Ruan Bin dan yang lain menatap instrumen di samping meja operasi dengan gelisah menunggu perkembangan keadaan.
“Sudah setengah jam!” Kepala Qian berkata dengan suara berat.
“Tanda vital stabil, tekanan darah 92/63, dalam batas normal, detak jantung 75, normal, hemodinamika stabil!” lapor Huang Hongwen.
“Benar, limpa tampak merah segar, tidak ada warna ungu kehitaman, sepertinya tidak terjadi nekrosis!” Ruan Bin pun ikut menghela napas lega.
“Bagus, saya rasa kemungkinan limpa ini berhasil diselamatkan. Ruan Bin, lanjutkan pencucian dan tutup abdomen, setelah itu lakukan USG lagi. Sekalian cek kadar hemoglobin. Jika semua normal, berarti limpa benar-benar selamat. Namun untuk memastikan tidak ada perdarahan pasca operasi, tetap harus dipantau beberapa hari lagi!” Kepala Qian juga akhirnya bisa bernapas lega. Jujur saja, ia pun tak menyangka limpa pasien ini bisa diselamatkan.
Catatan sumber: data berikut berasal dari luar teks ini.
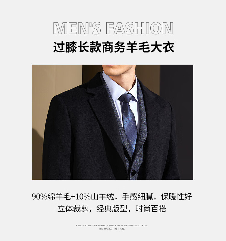 Antonio cashmere + wool men's high-end coat knee-length business casual cashmere wool woolen coat

Sungguh beruntung ada teknik debridemen dan jahitan tingkat tinggi dari Ruan Bin!
“Baik.”
...
Keluar dari ruang operasi.
“Bagaimana hasilnya?” Jiang Yurong, yang setelah menerima infus sudah membaik, segera bertanya saat melihat Ruan Bin dan yang lain keluar.
“Sejauh ini limfanya tidak mengalami nekrosis, sepertinya bisa diselamatkan, tinggal melihat pemulihan pasca operasi beberapa hari ke depan,” jawab Ruan Bin sambil tersenyum.
“Syukurlah! Ruan Bin, kamu hebat sekali!” Jiang Yurong tanpa sadar mengacungkan jempol padanya.
Di sisi lain, keluarga pasien yang mendengar operasi berjalan lancar dan limpa tidak perlu diangkat pun segera datang mengucapkan terima kasih.
Tak lama kemudian, Ruan Bin dan Huang Hongwen melakukan USG dan pemeriksaan hemoglobin pada pasien. Setelah hasilnya keluar, ia langsung memeriksanya dengan cepat.
“Syukurlah, USG menunjukkan tidak ada darah menumpuk di limpa, hemoglobin memang agak rendah namun masih dalam batas normal.”
“Tapi... kenapa sistem belum memberikan notifikasi misi selesai?”
“Mungkin harus menunggu pasien benar-benar pulih?” Ruan Bin berpikir, meski saat ini pasien baik-baik saja, ia tak berani menjamin apakah besok atau lusa tidak akan terjadi perdarahan atau robekan pada limpa.
Mungkin sistem juga sedang menunggu hasil akhirnya?
Malam itu, Kepala Qian berjaga, jadi semuanya berjalan lancar.
Malam yang sibuk, melelahkan, dan penuh rasa tak berdaya pun berlalu. Keesokan harinya, ia tidur nyenyak sampai siang hari.
Pada hari ketiga, pagi-pagi saat masuk kerja, tiba-tiba terdengar suara sistem di benaknya yang mengumumkan misi telah selesai!
Artinya, limpa anak laki-laki itu benar-benar berhasil diselamatkan!
“Ding... Selamat kepada host karena telah menyelesaikan misi! Mendapatkan 3.000 poin.”
“Ding... Selamat kepada host karena telah berhasil menyelesaikan lebih dari sepuluh misi berturut-turut, paket hadiah pemula akan dibagikan. Silakan periksa sendiri!”
Saat suara kedua hadiah itu terdengar, Ruan Bin sempat bingung, dan ketika ia sadar ternyata ada hadiah tambahan, ia kaget sekaligus ingin memaki!
“Sialan, sistem! Sudah lebih dari setengah bulan aku pakai, baru sekarang kamu kasih paket hadiah pemula? Dasar sistem aneh paling payah di antara para cheat, sistem sampah di antara sistem!”
Meski menggerutu, tetap saja ia segera ingin tahu isi paket hadiah pemula itu.
“Mudah-mudahan aku dapat satu juta poin!”
“Buka!”
Paket hadiah pemula berupa sebuah kantong kain kecil, setelah dibuka di dalamnya terdapat sebuah kartu emas dengan tulisan: “Gosok dan Menang!”
“Sistem, bolehkah aku memukulmu? Bagaimana kalau isinya cuma ‘Terima kasih, silakan coba lagi’?”